### EXERCISE DETAILS
Copy down every line of the data that follows exactly. Omit the pictures.

### SOURCE MATERIAL
========================================

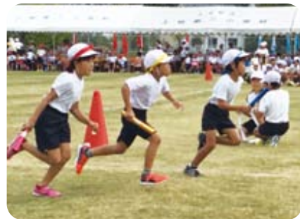
秋風そよぐ中、体育大会・大運動会
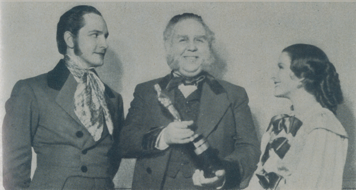
FREDERIC MARCH, CHARLES LAUGHTON y NORMA SHEARER, los tres artistas laureados por la Academia de Ciencias y Artes cinematográficas de Hollywood, que aparecerán juntos en "Las vírgenes de Wimpole" de M. G. M.
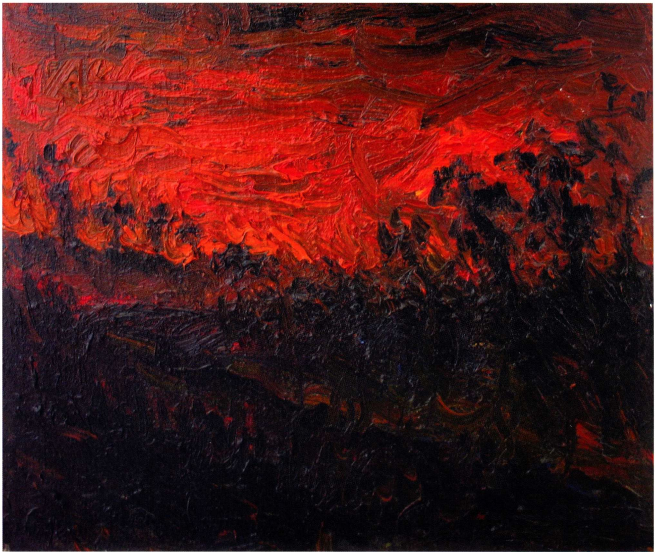
黄昏暮色 2002. 12 油画 38 × 45cm

========================================

### ANSWER TO THE PROBLEM
秋風そよぐ中、体育大会・大運動会
FREDERIC MARCH, CHARLES LAUGHTON y NORMA SHEARER, los tres artistas laureados por la Academia de Ciencias y Artes cinematográficas de Hollywood, que aparecerán juntos en "Las vírgenes de Wimpole" de M. G. M.
黄昏暮色 2002. 12 油画 38 × 45cm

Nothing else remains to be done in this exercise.